Il giorno 23/mar/08, alle ore 09:11, Jordan K. Hubbard ha scritto:
All of the scenarios could just as easily be satisfied by another Cocoa port front-end that does the Growl notifications and the UI and everything else you've described. Such an application could also use the existing port(1) infrastructure directly, no
Thanks for your answer Jordan, hearing your opinion is very important to me. You are right, a classical Cocoa app would solve some of the basic tasks I mentioned, if all that we want is having MacPorts being used by one (experienced) user:); but this would lead to some major challenge once someone will want to setup another client, perhaps a web-based one or a Java-based one (it's just an example:)): he shall write from scratch the entire lower layers of his app to make it work the way he wants, dealing with permissions as well (Task 7).

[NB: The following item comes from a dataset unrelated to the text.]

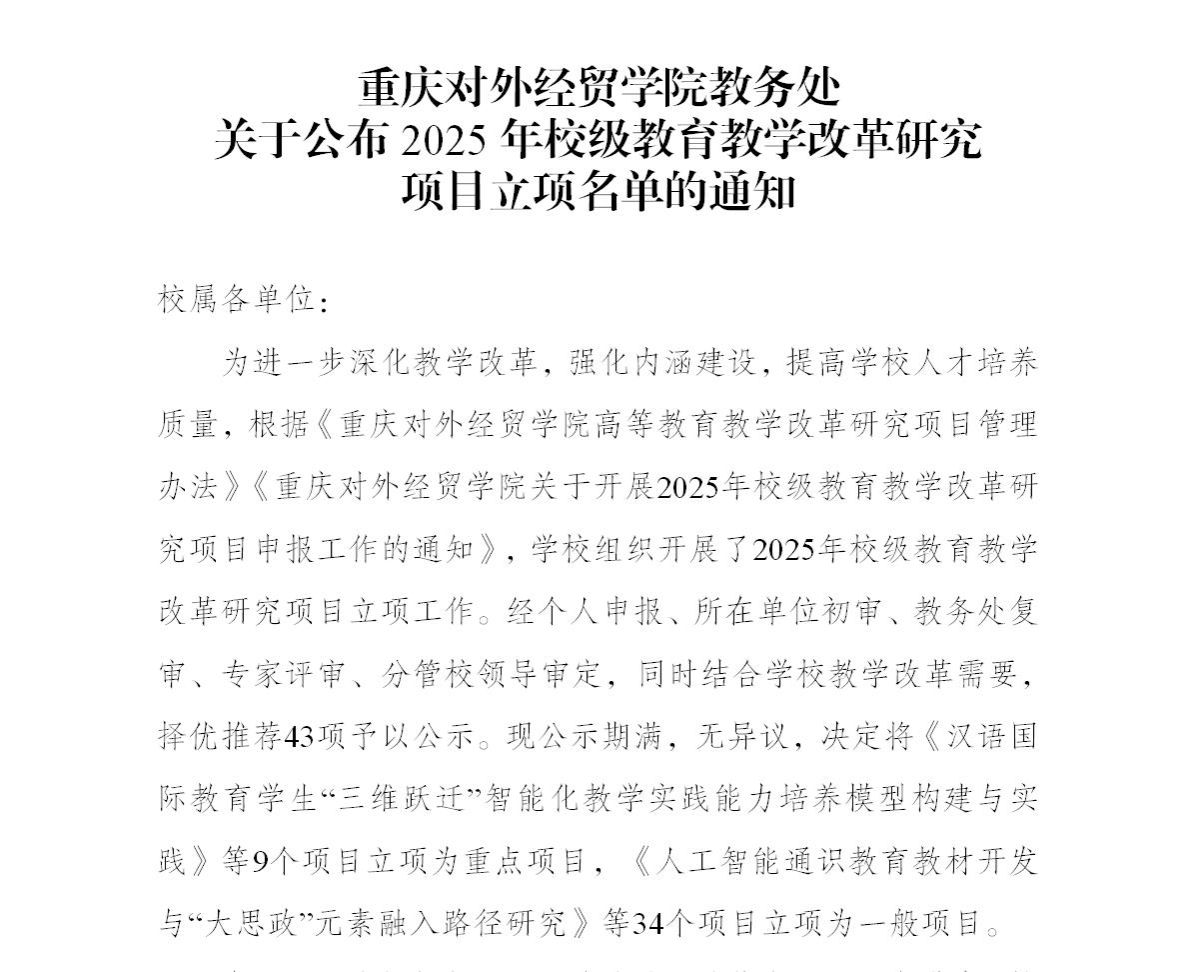 2025年校级教育教学改革研究项目申报中,我院

No word about cuncurrent MacPorts running on the same system or the fact that a solution of this kind would be future-proof, in case MacPorts evolved. Generally speaking Task 5 ("GUI") would be easily addressed with an upper layer to manage MacPorts Core. One of the reasons for all this is to make MacPorts easy and affordable even to "naive users" with the help of third party developers who could count on an efficient and no trouble way to use the local MacPorts installation. As you can see I'm speaking quite generally without touching any techincal issue in detail, so I'd really be happy to hear more of your opinions, "just in case".:) Anyway thank you and don't be concerned, I really appreciate direct approaches.:) -- // Et quid amabo nisi quod rerum enigma est?